Le linee ferroviarie che transitano dal territorio cremonese continuano a essere tra le peggiori della lombardia. A dirlo il rapporto Pendolaria 2018, stilato da Legambiente. Brescia ad esempio risulta la provincia soggetta a maggiori disservizi. Secondo i dati pubblicati da Trenord a gennaio, le linee con il minor indice di affidabilità (e pertanto con diritto a rimborsi per gli abbonati) sono appunto la la Brescia-Cremona, la Lecco-Bergamo-Brescia, la Brescia-Piadena-Parma. Due quindi legate al territorio cremonese.

Del resto la linea Brescia-Casalmaggiore-Parma nel 2017 si aggiudica la maglia nera tra le tratte italiane per i disagi a cui sono sottoposti i pendolari ogni giorno. “Sulla tratta viaggiano meno di 30 treni giornalieri, versa  da diversi anni  in una condizione di abbandono e tra le 25 linee lombarde, è quella che ha avuto gli indici di affidabilità più bassi e il materiale rotabile ha un’età media superiore ai 30 anni” si leggenel rapporto. “Rispetto al 2009 il treno più veloce impiega 20 minuti in più.  La proposta avanzata da Legambiente di inserimento di una navetta ferroviaria è volta a potenziare l’offerta dei treni in alcune fasce orarie di maggior traffico e assicurare almeno un treno l’ora per tutta la giornata, vista una domanda potenziale di oltre un migliaio di utenti al giorno, calcolata sul numero di auto che transitano quotidianamente sul ponte di Casalmaggiore di 12 mila veicoli con 1,1 passeggero di media”.

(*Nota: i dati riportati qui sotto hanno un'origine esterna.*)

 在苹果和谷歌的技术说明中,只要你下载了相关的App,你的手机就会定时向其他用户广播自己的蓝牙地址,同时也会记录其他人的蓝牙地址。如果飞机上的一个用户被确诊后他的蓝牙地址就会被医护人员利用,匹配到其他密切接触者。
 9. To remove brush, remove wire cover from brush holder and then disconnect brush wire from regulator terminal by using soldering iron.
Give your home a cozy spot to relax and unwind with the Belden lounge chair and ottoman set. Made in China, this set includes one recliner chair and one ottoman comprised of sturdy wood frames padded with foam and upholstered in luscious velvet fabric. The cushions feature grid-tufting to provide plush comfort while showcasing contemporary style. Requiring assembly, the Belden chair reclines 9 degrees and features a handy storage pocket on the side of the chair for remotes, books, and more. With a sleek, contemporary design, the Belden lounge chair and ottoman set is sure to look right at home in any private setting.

Ma non è tutto: sempre secondo il rapporto, la linea Milano-Codogno-Cremona-Mantova è un’altra tra le peggiori della Lombardia. “Il problema principale è che si tratta di 151 km, di cui 60 a doppio binario e  91 a semplice binario” sottolinea Legambiente. “Questa tratta che conta oltre 10 mila pendolari giornalieri collega le due città a Milano con pochissimi treni diretti giornalieri, quasi sempre in ritardo. I treni sono solitamente sovraffollati. Da Mantova per Milano i tempi di percorrenza sono di 2 ore e 10 minuti, con alcune corse più veloci che impiegano 1 ora e 50 minuti, mentre da Cremona i tempi sono di un’ora e 10 minuti, come 40 anni fa”.

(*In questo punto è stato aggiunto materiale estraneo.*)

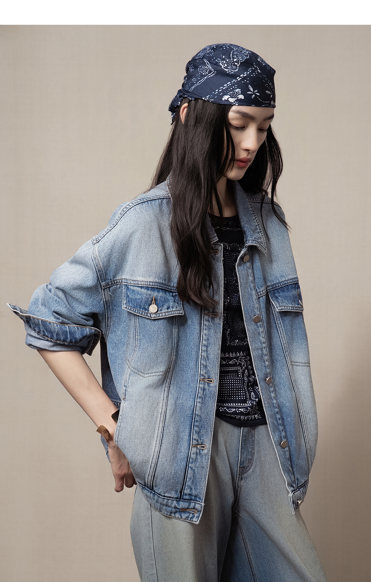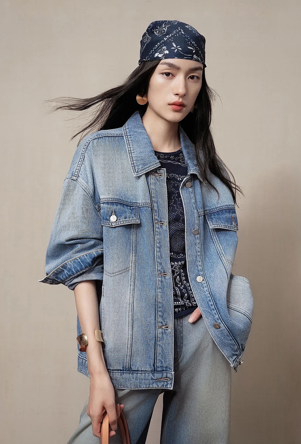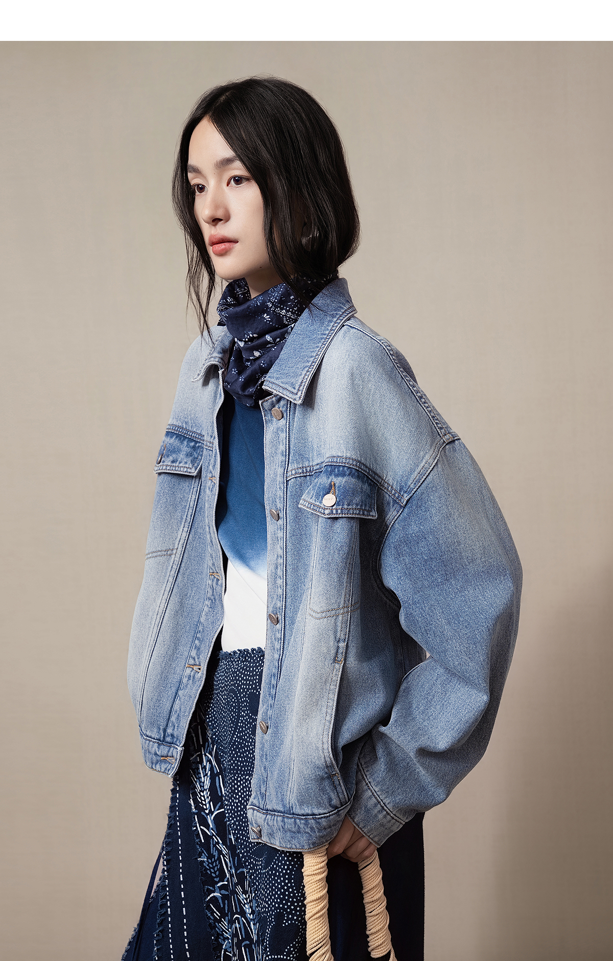 【林栖设计小店】【草木丹宁】牛仔外套复古磨白2025秋季新款百搭上衣女G1653001
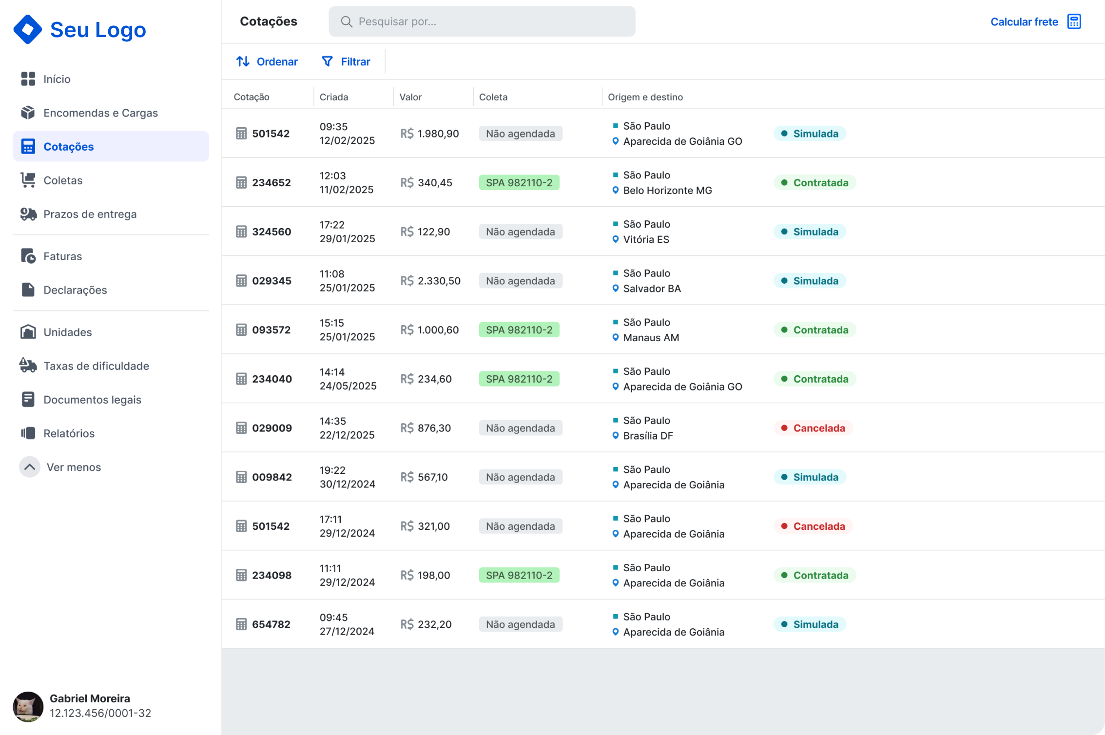 Seus clientes terão acesso fácil e rápido aos cálculos de frete, permitindo que sua transportadora receba volumes cada vez maiores de cotações diariamente sem a dependência de agentes humanos.

Del resto Mantova e Cremona, evidenzia ancora l’associazione non sono collegate bene neppure su altri fronti: “la prima con Verona e la seconda con Brescia e Piacenza, altre città di riferimento per i pendolari. Le linee della bassa sono una potenzialità trascurata e mal gestita e offrono l’alibi per costruire nuove inutili lingue d’asfalto, come l’autostrada Cremona-Mantova e la Tirreno-Brennero, mettendo a rischio migliaia di ettari di suolo agricolo. Inoltre per quanto riguarda il trasporto su ruota, sussistono grandi  difficoltà di collegamento nella zona collinare dell’Alto mantovano, soprattutto per gli studenti che devono raggiungere Castiglione e Desenzano, sedi delle più frequentate scuole della zona”.

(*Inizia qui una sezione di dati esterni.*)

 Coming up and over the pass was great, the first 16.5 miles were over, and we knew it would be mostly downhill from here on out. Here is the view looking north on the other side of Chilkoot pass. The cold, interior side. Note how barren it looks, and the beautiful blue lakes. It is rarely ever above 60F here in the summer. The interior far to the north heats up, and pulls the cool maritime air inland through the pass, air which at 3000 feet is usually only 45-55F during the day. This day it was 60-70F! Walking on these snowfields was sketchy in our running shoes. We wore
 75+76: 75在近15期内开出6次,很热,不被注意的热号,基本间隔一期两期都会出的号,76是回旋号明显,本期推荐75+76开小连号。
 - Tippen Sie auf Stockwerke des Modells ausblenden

In altri casi si è di fronte ad un  problema infrastrutturale, “come per i pendolari di Cremona, dove i collegamenti con Milano vedono la presenza del  binario unico  fino alla stazione di Treviglio Ovest e quindi una frequenza limitata dei treni e un rallentamento nel passaggio dei convogli” conclude il rapporto.